Bis die neuronalen Netze in der Lage sind, die Flecken selbständig zu erkennen, ist zeitintensive Vorarbeit nötig: „Ich brauche Tausende Bilder mit Flecken, auf denen ich diese Fleckbereiche händisch einzeichnen muss, damit sie erkannt werden.“ Obwohl das Training aufwendig ist: Das Verfahren der visuellen Inspektion von Objekten mithilfe von neuronalen Netzen kann auch bei der Wartung von Zügen Anwendung finden. Etwa dann, wenn es darum geht, den Zustand eines Bremsbelages zu überprüfen. Kummert sieht in der sogenannten prädikativen Wartung einen wichtigen Beitrag, um die Bahn als Verkehrsmittel attraktiver zu machen: „Die Wahrscheinlichkeit von Fehlern sinkt und macht den Ablauf zuverlässiger und effizienter.“
Mit Automatisierung gegen den Personalmangel
Ein weiterer großer Teilbereich des Forschungsprojekts ist die Automatisierung des Güter- und Personenverkehrs. Die Vision: ein vollautonomer Schienenverkehr, denn wer mehr Züge auf die Schiene bekommen möchte, muss ein sich selbst organisierendes Bahnsystem an den Start bringen. „Dafür bedarf es etwa einer Umfelderkennung, die sicherstellt, dass der Zug auf dem richtigen Gleis fährt und das Gleis frei von Hindernissen ist.“ Auch hier kommen neuronale Netze zum Einsatz: Mit ihnen entwickeln Wissenschaftler*innen des CoR-Labs multi-sensorielle Plattformen für die automatisierte Erkennung von Menschen, Objekten und der Umgebung.

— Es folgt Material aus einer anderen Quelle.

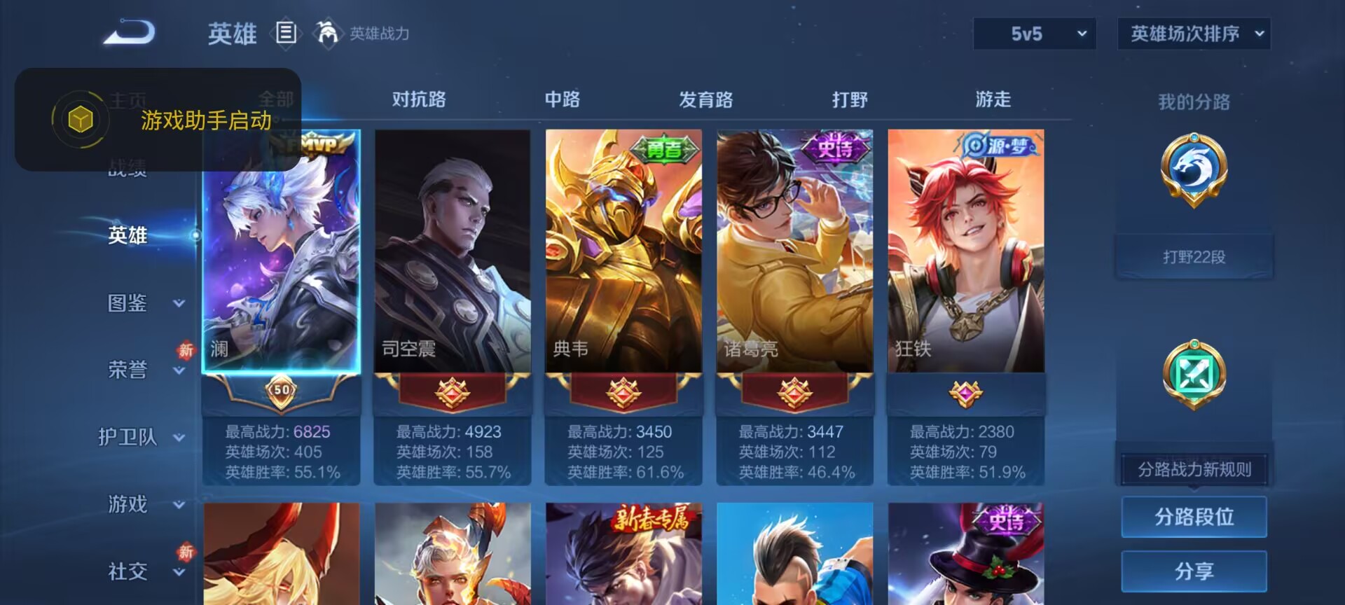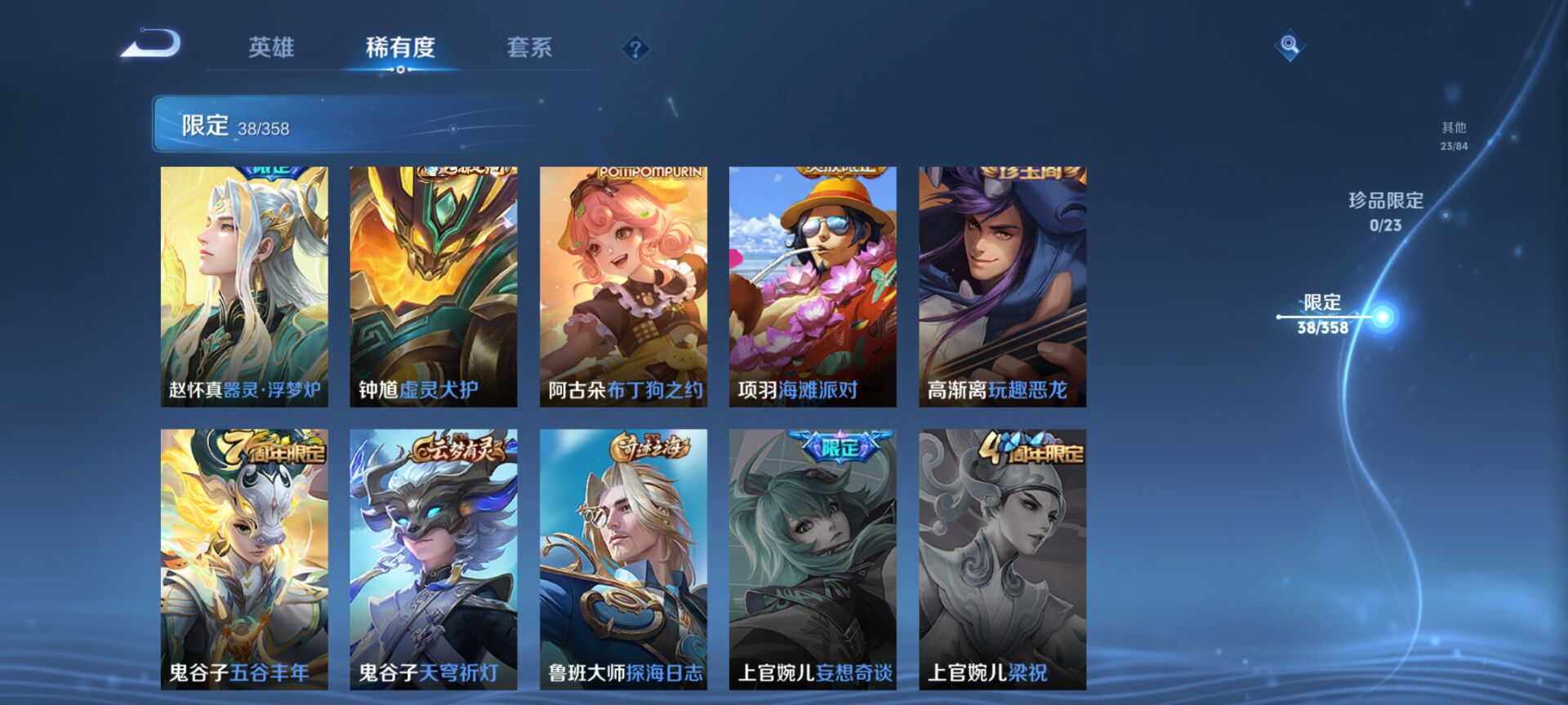 【v5 4传说 打野22段】安卓q-113皮肤-122英雄 【传说皮肤】 鸣野蒿 逐花归海 愿照·山河定 愿照·九州拓 【史诗皮肤】 破空之剑 百相守梦 器灵·浮梦炉 布丁狗之约 谧流熔炉 鸭鸭历险记 龙之律动 线条小狗 威尼斯狂欢 顽岩魄 魅力维加斯 鹰眼统帅 圣诞恋歌 鬼剑武藏 水晶猎龙者 千年之狐 天才门将 紫霞仙子 圣诞狂欢 狂想玩偶喵 水果甜心 乘风破浪 皇家上将 黄

Und nicht nur das: Sie forschen an lernfähigen Robotersystemen, die kosteneffizient für die Voll- oder Teilautomatisierung in der Montage oder Intralogistik eingesetzt werden können. „Auf das System Bahn übertragen, können wir unsere Expertise also auch beim Be- und Entladen von Gütern einbringen, etwa mit unserer Forschung zu Roboterarmen“, sagt Kummert.